Link to the sequential implementation

The quicksort algorithm sorts numbers using the divide-and-conquer strategy. The idea is to choose a number in the array as a pivot and arrange the elements so that the numbers less than the pivot are on the left and the greater ones are on the right, thereby fixing the pivot’s final position in the array. After this, the subarrays on the left and right can follow the same process.

I realized I had never actually implemented quicksort before, and I was too proud to look up any examples, so it took me some time to figure out a good in-place solution for rearranging the numbers around the pivot. After testing the implementation with randomly generated arrays, I was satisfied with the results and moved on to the concurrent version.

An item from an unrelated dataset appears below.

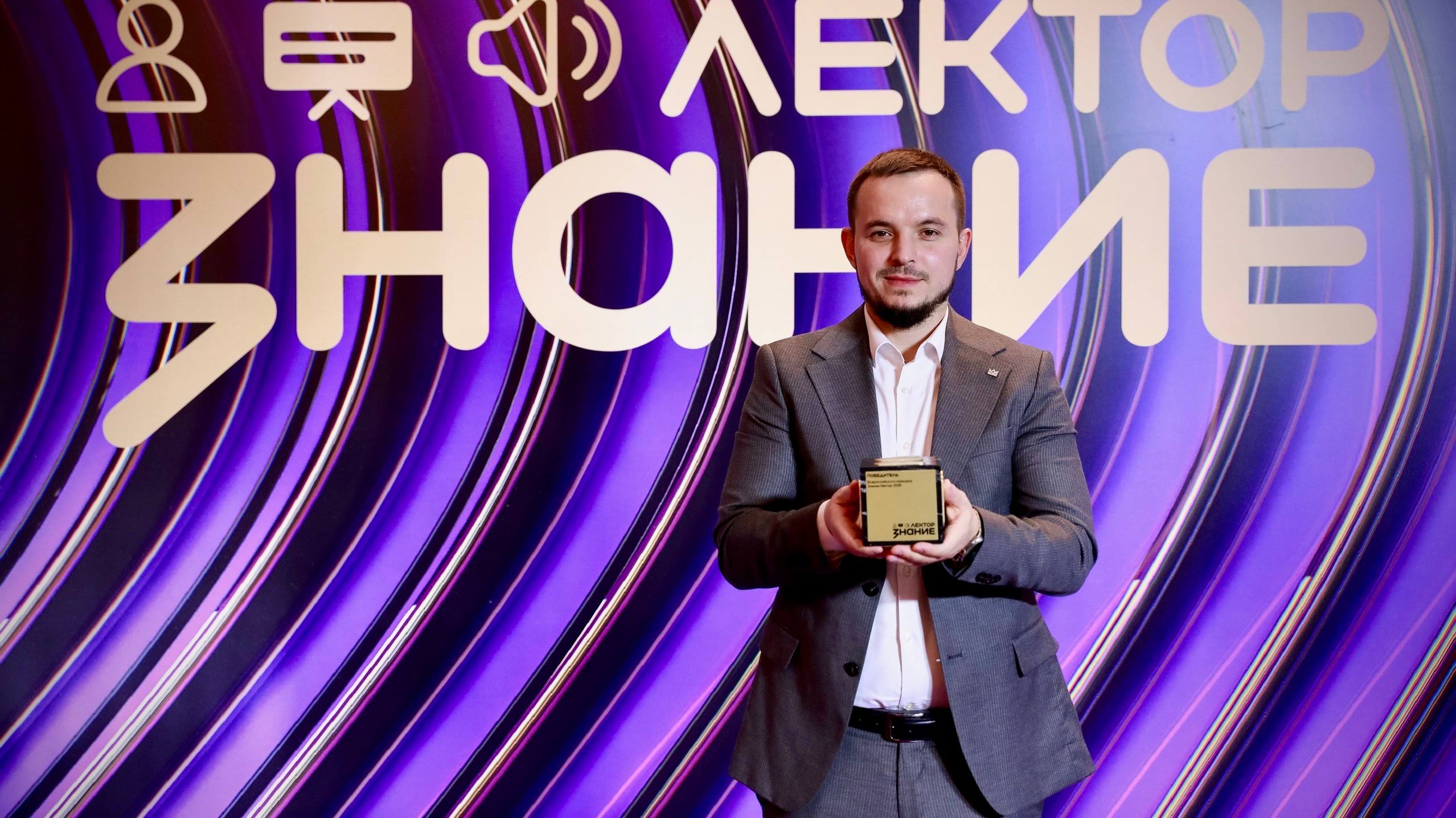 Руслану Руслановичу вручили символ проекта - куб из чёрного мрамора, а также предоставили право заключить контракт с Обществом «Знание» на проведение лекций в нашем регионе.

Step 2: Concurrent quicksort algorithm

Link to the concurrent implementation

The quicksort algorithm has a recursive structure like this:

sort: [n,n,n,n,n,n,n]
- choose pivot p & arrange numbers around it [s,s,s,p,p,b,b]
- sort smaller [s,s,s]
- sort bigger [b,b]

This shows the tail-recursive nature of the algorithm. After the arrangement step, the positions of the pivot elements are final. Therefore, we don’t need to know the results of the sub-tasks.

Worker system

So, the idea is quite simple. Let’s set up a pool of worker threads. Each worker will fetch a task from the task queue. A task contains a reference to an array, along with the start and end indices to sort in place. The worker selects a pivot and arranges the numbers around it. After that, it creates the necessary sub-tasks and submits them back to the task queue, where they can be picked up by any available worker. In this way, multiple workers can concurrently sort different parts of the array. Since there’s no interdependency, we can even apply this to multiple arrays at once, i.e. a batch of arrays.

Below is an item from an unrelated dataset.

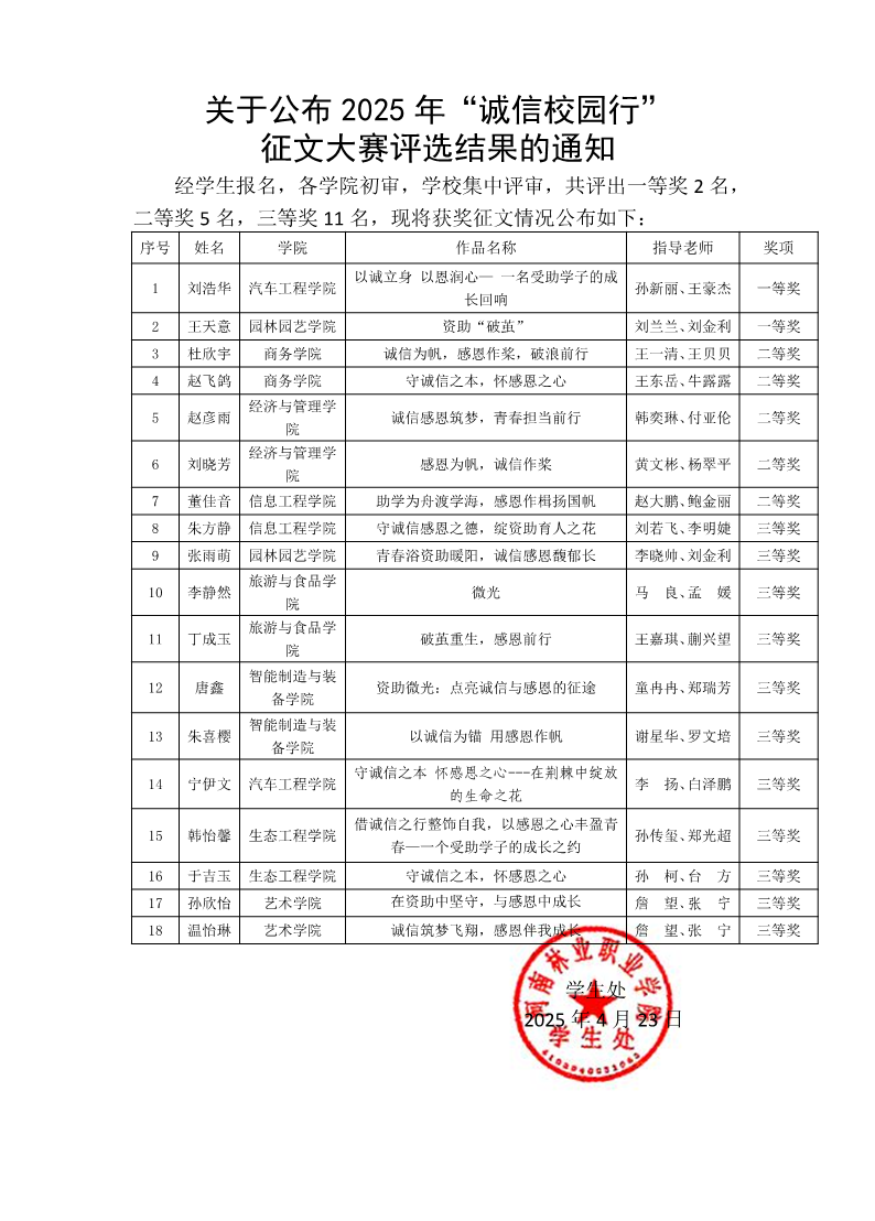 关于公布2025年“诚信校园行”征文大赛结果的通知

Knowing when sort has finished

It’s important to know when the sorting process has completed. Since each worker only handles a portion of the array, it doesn’t have enough information on its own to determine whether all sub-tasks are finished. To manage this, we maintain a count of all in-progress sub-tasks. Whenever a task is subdivided, the worker increments an atomic counter to reflect the creation of new sub-tasks. When there are no further sub-tasks to divide and the pivoting is complete, the worker decrements the in-progress counter and notifies the main thread. The main thread waits for this notification and checks the counter to determine whether all sub-tasks have finished.

Note that this counter-based scheme works because we don’t need to maintain a stack of sub-task statuses, thanks to the tail-recursive nature of the algorithm.

Step 3: Validation

I wanted to roughly validate that the concurrent implementation was working. To do this, I created a sufficiently large batch of arrays so that the thread overhead would be justified, and I could observe whether the concurrent version actually took less time. I generated a random batch of sort tasks and measured the execution time for each.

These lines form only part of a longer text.